DOCS Form 4: Anna Bryson Sells 40K Shares, Retains 346,925 Shares
Rhea-AI Filing Summary
Doximity CFO Anna Bryson reported transactions on 08/26/2025. The filing shows the Reporting Person acquired 40,000 shares of Class A common stock through conversion/exercise and simultaneously sold 40,000 shares pursuant to a Rule 10b5-1 trading plan adopted on 05/27/2025. The sales were executed at a weighted-average price of $66.7561 per share, with sale prices ranging from $66.2250 to $67.2200. Following these transactions the Reporting Person beneficially owns 346,925 shares (direct).
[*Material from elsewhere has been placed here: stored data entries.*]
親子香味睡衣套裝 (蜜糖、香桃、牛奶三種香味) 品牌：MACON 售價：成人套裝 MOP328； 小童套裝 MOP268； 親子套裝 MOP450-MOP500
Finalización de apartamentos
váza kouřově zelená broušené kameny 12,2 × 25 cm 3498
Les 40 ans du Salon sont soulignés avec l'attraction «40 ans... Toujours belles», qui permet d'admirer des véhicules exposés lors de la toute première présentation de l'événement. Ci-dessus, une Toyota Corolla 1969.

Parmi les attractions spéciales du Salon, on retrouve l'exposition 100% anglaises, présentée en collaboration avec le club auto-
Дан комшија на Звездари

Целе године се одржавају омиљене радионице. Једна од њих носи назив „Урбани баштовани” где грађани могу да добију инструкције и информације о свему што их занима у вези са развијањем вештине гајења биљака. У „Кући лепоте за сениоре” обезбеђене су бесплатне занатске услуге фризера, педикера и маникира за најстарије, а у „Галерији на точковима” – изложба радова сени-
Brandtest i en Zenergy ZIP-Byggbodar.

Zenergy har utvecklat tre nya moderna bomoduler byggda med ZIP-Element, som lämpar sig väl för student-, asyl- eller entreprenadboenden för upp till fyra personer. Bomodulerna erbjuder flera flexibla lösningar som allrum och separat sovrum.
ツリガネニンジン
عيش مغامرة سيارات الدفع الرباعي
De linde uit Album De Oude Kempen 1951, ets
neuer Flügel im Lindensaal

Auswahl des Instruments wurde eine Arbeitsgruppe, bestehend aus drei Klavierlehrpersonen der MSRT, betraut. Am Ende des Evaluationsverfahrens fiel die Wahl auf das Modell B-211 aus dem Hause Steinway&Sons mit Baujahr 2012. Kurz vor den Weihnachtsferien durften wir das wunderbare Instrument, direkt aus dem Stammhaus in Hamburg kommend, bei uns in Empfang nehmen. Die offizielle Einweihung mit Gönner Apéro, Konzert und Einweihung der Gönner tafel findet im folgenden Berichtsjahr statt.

The filing also discloses outstanding stock option activity related to 40,000 options with an $8.26 exercise price.
Positive
- Sale executed under Rule 10b5-1 plan adopted 05/27/2025, indicating pre-planned transactions
- Reporting Person retains substantial ownership after transactions: 346,925 shares (direct)
- Full weighted-average sale price disclosed ($66.7561) with price range provided
Negative
- Insider reduced holdings by 40,000 shares, a ~10.3% decrease from 386,925 to 346,925 shares
- Material sale size (40,000 shares) could be perceived negatively by some investors despite being pre-planned
Insights
TL;DR: CFO executed pre-planned sales while retaining substantial stake; transactions appear routine, not an emergency liquidity event.
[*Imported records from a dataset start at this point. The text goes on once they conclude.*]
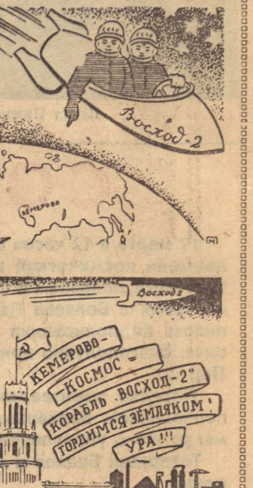
Рис. М. Панькова.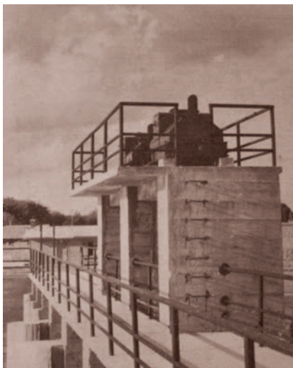
Detalj jedne vodne građevine (iz prospekta)

Ugled je rastao i u stručnoj javnosti i to je projektantsko hidrotehničko poduzeće svrstavano među najbolja i najuglednija u Hrvatskoj. Radilo se puno na raznim stranama, ali se i dobro zarađivalo, a u poduzeće su kroz studentsku praksu dolazili najbolji studenti Hidrotehničkog odjela pri Građevinskom fakultetu u Zagrebu. U početku je to bilo povremeno i sporadično, ali je to s vremenom postala stalna praksa.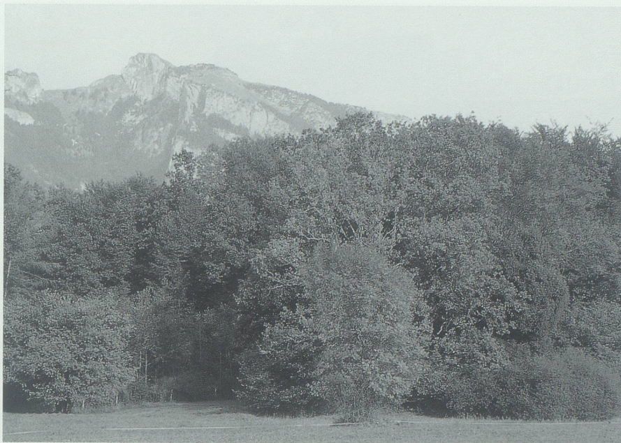
Grenzräume – so auch Waldränder – sind Zonen des Austauschs und bereichern das Ganze.

Die Idee setzt sich durch, dass den ökologischen Grenzen vermehrt Raum zu gewähren ist. Wir müssen anerkennen, dass wir nicht mehr die Verhältnisse der zwanziger Jahre erreichen können. Aber es sollte möglich sein, die Waldränder und Gewässer zum ökologischen Rückgrat und Basisnetz unserer Nutzlandschaft umzuformen. Wo die Waldränder an das Kulturland stossen, bilden sie einen gestuften, vielfältigen Übergang vom Grasland zum Waldbestand. Unsere Gewässer erhalten mehr Raum oder werden so umgestaltet, dass sie Leben zulassen und den Austausch fördern. Der Rhein als wichtigstes Gewässer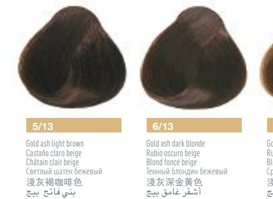
5/13 Gold ash light brown Castaño claro beige Châtain clair beige 淺灰淺褐色 淺灰淺褐色 淺灰淺褐色 淺灰淺褐色 淺灰淺褐色 淺灰淺褐色

13 gold ash beige beige бежевый 金褐色 金褐色 金褐色 金褐色 金褐色 金褐色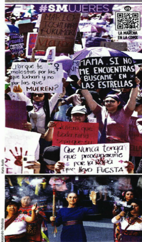
■ Mientras en las calles de la CDMX se manifestaron más de 200 mil personas, en Palacio Nacional, la Presidenta Sheinbaum se comprometió a realizar las reformas que pongan fin a la violencia contra las mujeres.

The Form 4 shows a contemporaneous acquisition/conversion of 40,000 shares and the sale of 40,000 shares under a Rule 10b5-1 plan adopted 05/27/2025, at a weighted-average price of $66.7561. Net holdings declined from 386,925 to 346,925, a reduction of ~10.3%. The presence of a 10b5-1 plan and the exercise/conversion activity supports a view that these are planned, administratively driven transactions rather than opportunistic insider sales.
TL;DR: Transactions were executed under a documented 10b5-1 plan, meeting disclosure expectations for an officer.
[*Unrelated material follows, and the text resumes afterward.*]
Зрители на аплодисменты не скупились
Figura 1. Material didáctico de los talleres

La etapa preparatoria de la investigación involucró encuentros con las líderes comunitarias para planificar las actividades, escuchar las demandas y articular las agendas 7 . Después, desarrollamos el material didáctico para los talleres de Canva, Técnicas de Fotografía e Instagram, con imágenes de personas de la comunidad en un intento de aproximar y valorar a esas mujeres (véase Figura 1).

The filing identifies Anna Bryson as CFO and indicates the sale occurred automatically pursuant to a 10b5-1 plan adopted on 05/27/2025, which provides the affirmative defense under Rule 10b5-1(c). The Form 4 properly reports conversion/exercise mechanics and resulting beneficial ownership of 346,925 shares. From a governance perspective, the disclosure is complete and consistent with routine insider trading policies.
Insider Trade Summary
| Type | Security | Shares | Price | Value |
|---|---|---|---|---|
| Exercise | Stock Option (Right to Buy) | 40,000 | $0.00 | -- |
| Exercise | Class B Common Stock | 40,000 | $0.00 | -- |
| Conversion | Class B Common Stock | 40,000 | $0.00 | -- |
| Conversion | Class A Common Stock | 40,000 | $0.00 | -- |
| Sale | Class A Common Stock | 40,000 | $66.7561 | $2.67M |
Footnotes (1)
- Each share of Class B Common Stock, par value $0.001 per share (the "Class B Common Stock"), converted into one share of Class A Common Stock, par value $0.001 per share (the "Class A Common Stock"), at the option of the holder. The sales reported in this Form 4 occurred automatically pursuant to a Rule 10b5-1 trading plan adopted by the Reporting Person on May 27, 2025. The price represents the weighted-average price of the shares sold in multiple transactions ranging from $66.2250 to $67.2200 per share, inclusive. The Reporting Person undertakes to provide the Issuer, a security holder of the Issuer, or the Staff of the Securities and Exchange Commission, upon request, full information regarding the number of shares sold at each separate price within the range set forth in this footnote. The stock option vests in 60 equal monthly installments after February 1, 2021, subject to the Reporting Person's continuous service relationship with the Issuer through each applicable vesting date. The stock option was granted on February 5, 2021. Each share of Class B Common Stock is convertible into one share of Class A Common Stock at any time at the option of the holder. Each share of Class B Common Stock held by the Reporting Person will automatically convert into one share of Class A Common Stock, upon the following: (1) the sale or transfer of such share of Class B Common Stock, except for certain permitted transfers described in the Issuer's amended and restated certificate of incorporation; (2) the death or incapacity of the Reporting Person; and (3) on the final conversion date, defined as the earlier of (a) the tenth anniversary of the effectiveness of the registration statement in connection with the Issuer's initial public offering; or (b) the date specified by a vote of the holders of at least 66 2/3% of the outstanding shares of Class B Common Stock, voting as a single class.